• **PROBLEM DETAILS**
With pictures left out, set down exactly the lines that begin at the one containing "Мужчина в образе мима читает с листа" and end with the last line of the entries below.

*** Opening of RECORDS SUPPLIED ***

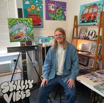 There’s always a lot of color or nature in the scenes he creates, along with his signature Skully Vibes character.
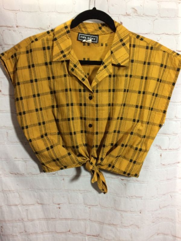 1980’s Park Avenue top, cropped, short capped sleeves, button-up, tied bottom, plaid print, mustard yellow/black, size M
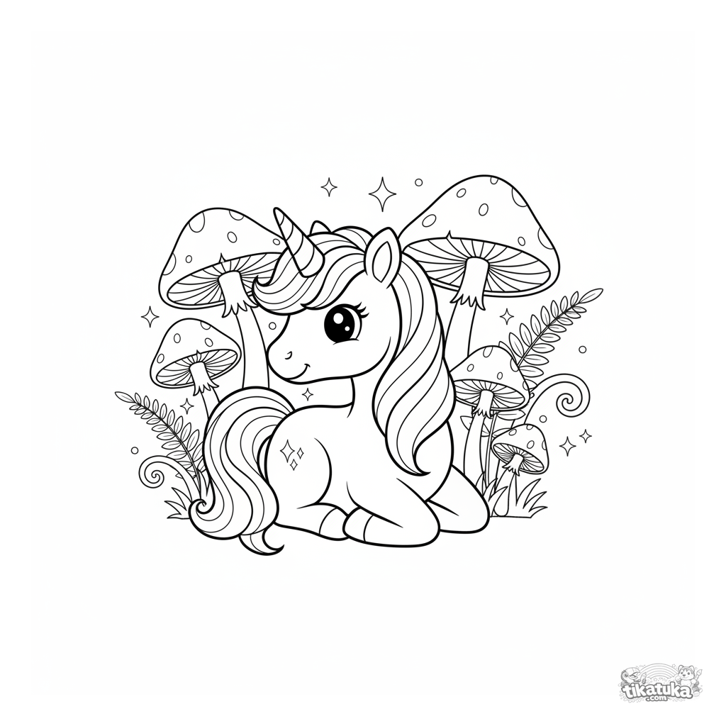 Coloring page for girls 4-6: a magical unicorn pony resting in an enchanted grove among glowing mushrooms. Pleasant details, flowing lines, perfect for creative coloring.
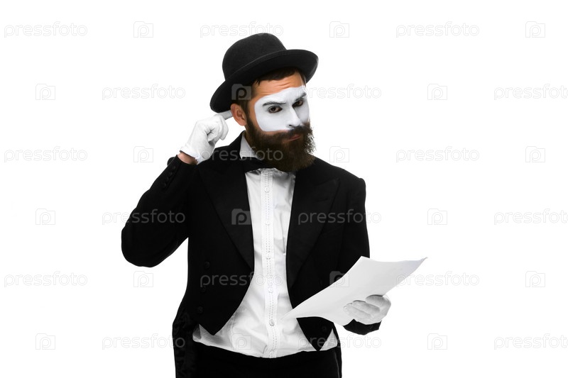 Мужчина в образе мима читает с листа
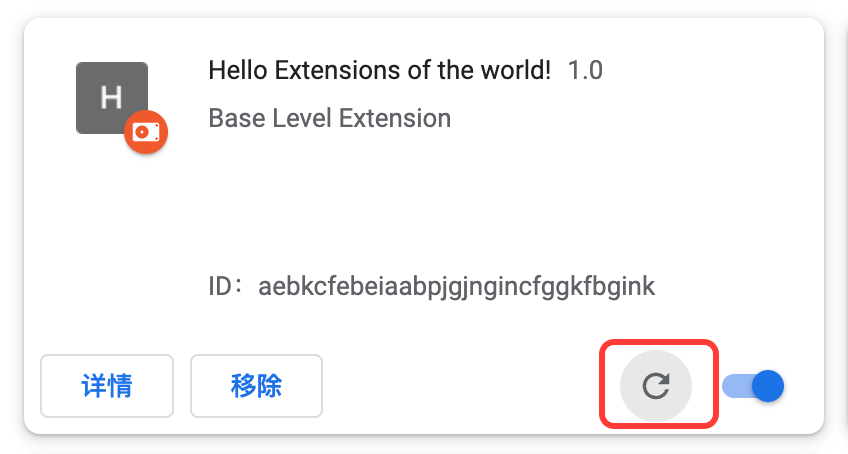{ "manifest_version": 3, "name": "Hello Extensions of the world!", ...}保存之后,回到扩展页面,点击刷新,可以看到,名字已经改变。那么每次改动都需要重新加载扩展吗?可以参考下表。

*** Close of RECORDS SUPPLIED ***

• **SOLUTION**
 Мужчина в образе мима читает с листа
{ "manifest_version": 3, "name": "Hello Extensions of the world!", ...}保存之后,回到扩展页面,点击刷新,可以看到,名字已经改变。那么每次改动都需要重新加载扩展吗?可以参考下表。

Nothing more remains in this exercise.